Шрифт:
Закладка:
После ареста «антисоветского элемента» начиналось следствие, конечно, чисто формальное. В зависимости от обстоятельств, в том числе и давно минувших дней, человек оказывался в списках либо на ссылку в лагеря, либо на расстрел. Во время допросов следователи устанавливали его «контрреволюционную связь» с некой «контрреволюционной организацией». Необходимые показания и признания получали при помощи пыток[155]. Соответственно, «правильные» показания приводили к арестам новых «элементов». После второй волны шла третья, четвертая. Так могло происходить до бесконечности. Из регионов поступали настойчивые просьбы увеличить лимиты на расстрел, которые как правило удовлетворялись.
Репрессиям подлежали также и лица, уже находившиеся в местах лишения свободы. Так, с 10 августа 1937 года началась операция по репрессированию наиболее активных антисоветских элементов из бывших кулаков, карателей, бандитов, белых, сектантских активистов, священнослужителей и прочих контрреволюционеров, ведущих в лагерях активную антисоветскую подрывную работу. Кроме того, репрессиям подлежали и уголовные элементы, содержащиеся в лагерях и ведущие там преступную деятельность. Весь перечисленный контингент после рассмотрения его дел на тройках подлежал расстрелу без дальнейшего согласования. После утверждения списков НКВД СССР и прокурором Союза приговор приводился в исполнение немедленно[156].
15 августа 1937 года (Приказ № 00486) дошла очередь до жен изменников Родины[157] – членов правотроцкистских шпионско-диверсионных организаций, осужденных Военной коллегией и военными трибуналами по первой и второй категориям с 1 августа 1936 года.
Рассмотрение дел и определение меры наказания в отношении данной категории лиц возлагались на Особое совещание. Жены осужденных изменников Родины по данному приказу подлежали заключению в лагеря на сроки, определяемые в зависимости от степени социальной опасности, но не менее чем на 5–8 лет.
Считавшиеся социально опасными дети осужденных в зависимости от их возраста, степени опасности и возможностей исправления подлежали заключению в лагеря или исправительно-трудовые колонии НКВД или водворению в детские дома особого режима наркомпросов республик.
В дополнение к этому приказу мужья изменниц Родины тоже подлежали аресту и заключению в лагеря на срок в зависимости от степени социальной опасности и тоже не менее чем на 5–8 лет. Так же как и жен, мужей изобличенных изменниц Родины рекомендовалось арестовывать одновременно.

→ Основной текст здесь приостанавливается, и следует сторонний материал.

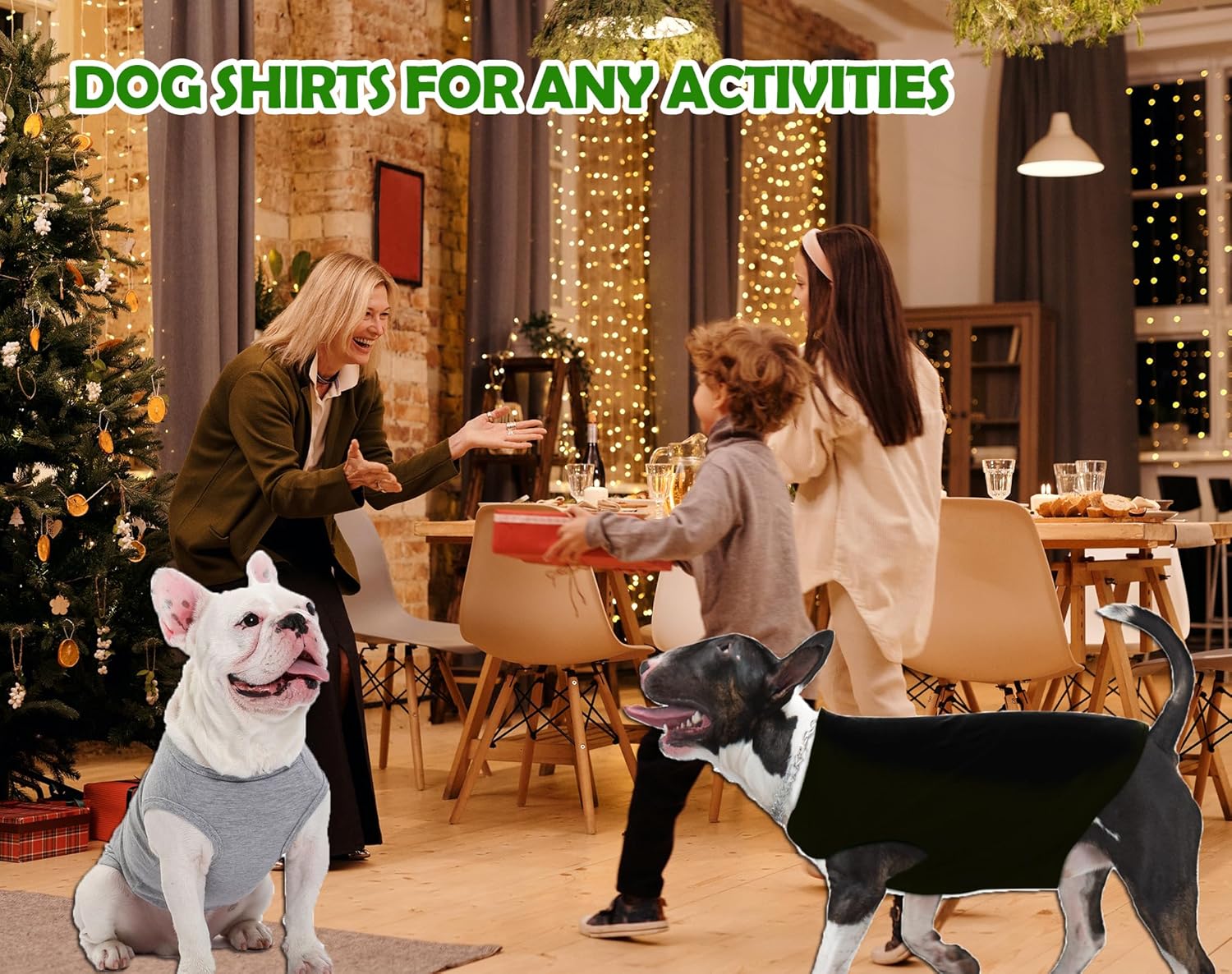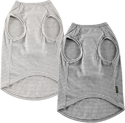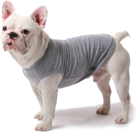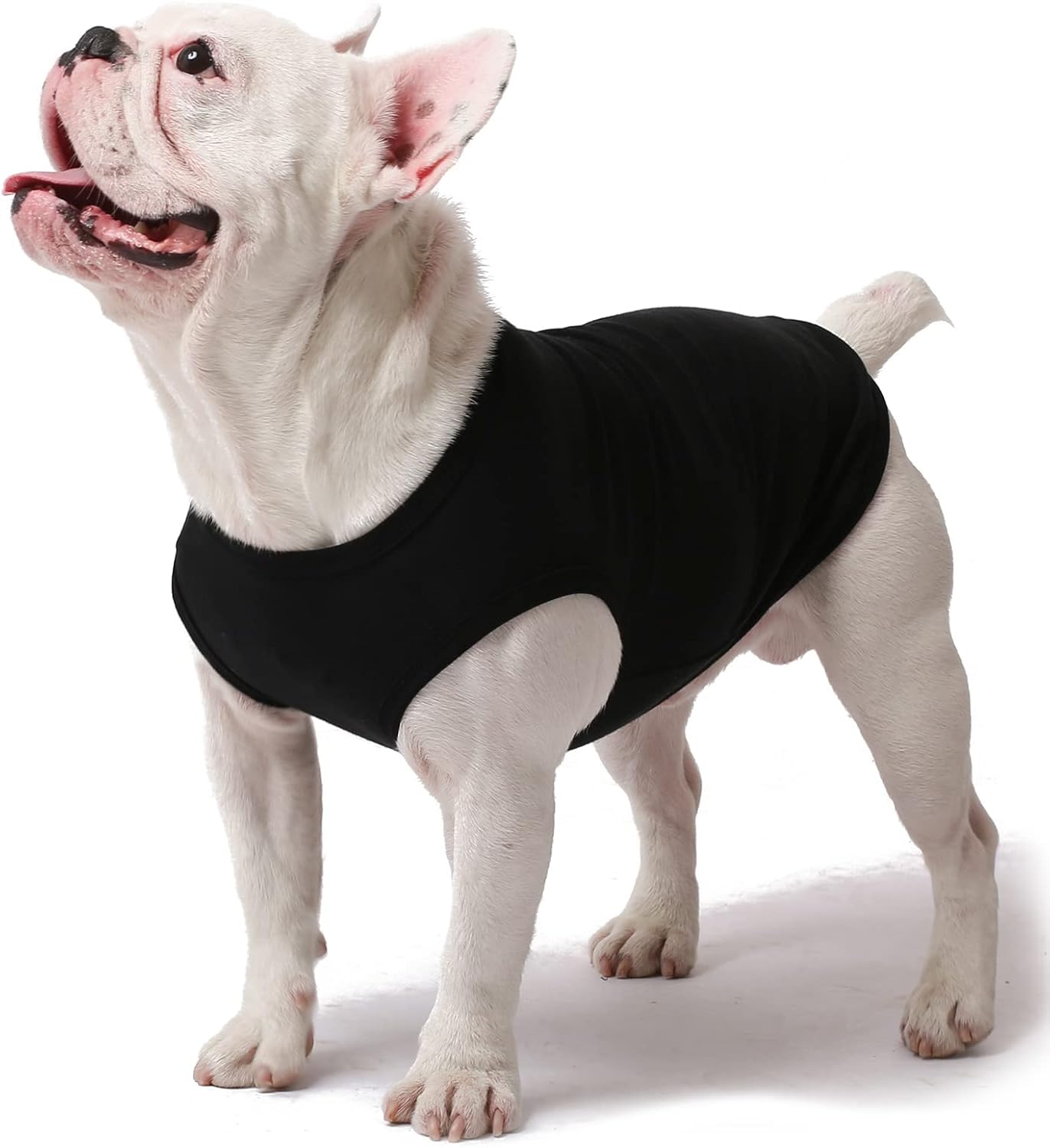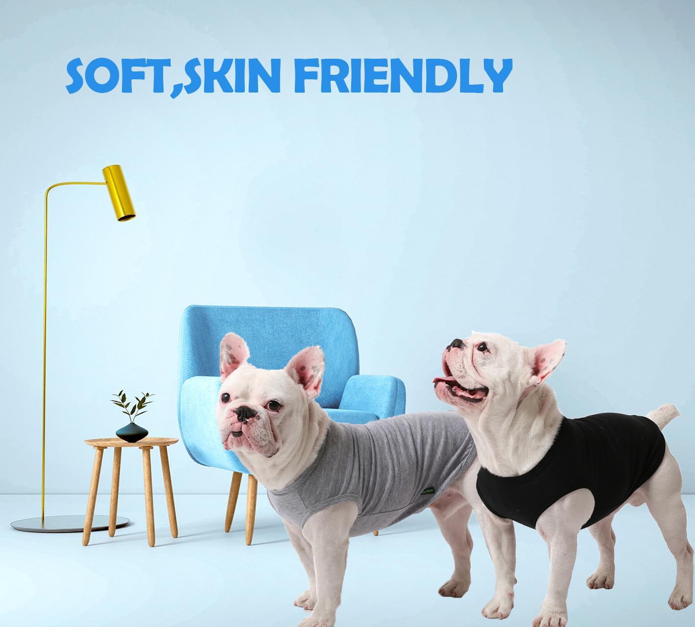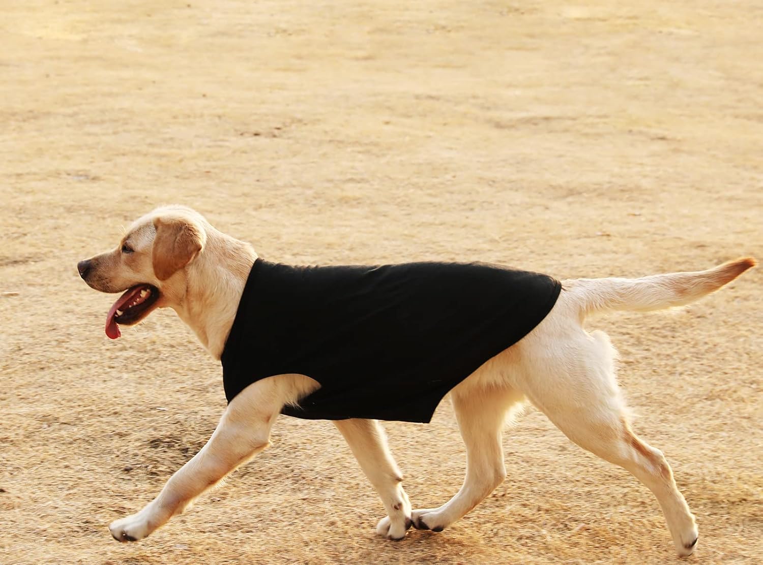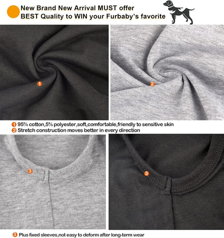 - Design Feature:Dog tshirt is classical blank black and grey color,easy for Papa Mama to find the matching owner clothes or for dog lovers;Unique ribbed elastic neck and cuffs no-sleeves tee shirt is high-fashion than normal dog shirts,reinforced two-needle sewing added durability;Cut higher in the belly for easy potty breaks,easy to put on and take off with pullover design

Могло бы показаться, что в страну вернулся Красный террор, но на самом деле это было другое. Если во времена Гражданской войны репрессии осуществлялись по идейно-партийным соображениям и по социальному признаку (принадлежность к эксплуататорским классам), то во времена Большого террора люди подвергались репрессиям еще и по национальному признаку, и за родственные связи с уже репрессированными. Если Красный был партийно-идеологическим или революционным террором, то Большой – партийно-бюрократическим или государственным. Однако и тот и другой проходили в рамках Права катастроф, поскольку санкционированные Политбюро приказы НКВД имели ту же правовую природу, что и декреты Советской власти.
Каток репрессий Большого террора, спущенный вниз с вершин Советской власти, только набирал скорость и сам по себе остановиться не мог. К 1 января 1938 года репрессии, как планировалось, закончены не были. 8 января 1938 года в связи с тем, что некоторые железные дороги резко ухудшили свою работу, сделали однозначный вывод о вредительской, диверсионной деятельности какого-то врага. 31 января 1938 года Политбюро по предложению НКВД СССР утвердило дополнительный лимит подлежащих репрессии бывших кулаков, уголовников и активного антисоветского элемента. 13 февраля 1938 года заместитель Ежова М. П. Фриновский отметил слабость оперативного удара по эсеровскому подполью ряда областных управлений НКВД. Аналогичное положение отмечалось в оперативной работе и по меньшевикам и анархистам.
Приказы Н. И. Ежова по проведению массовых арестов не только ориентировали, но и обязывали местные органы НКВД вскрывать повстанческие организации, шпионские, диверсионные группы и т. п. Сотрудники органов НКВД были поставлены перед необходимостью арестовывать сразу сотни и тысячи человек. Сроки окончания операций систематически отодвигались. Репрессивный государственный механизм в этот период стал неуправляемым.
Официально за два года – 1937–1938 – были арестованы 1 548 366 человек, из них расстреляны – 681 692[158]. Эти цифры, опубликованные в 1956 году, можно принимать лишь как приблизительную оценку, поскольку о числе погибших от пыток во время так называемого следствия и умерших в лагерях вследствие нечеловеческих условий существования история умалчивает.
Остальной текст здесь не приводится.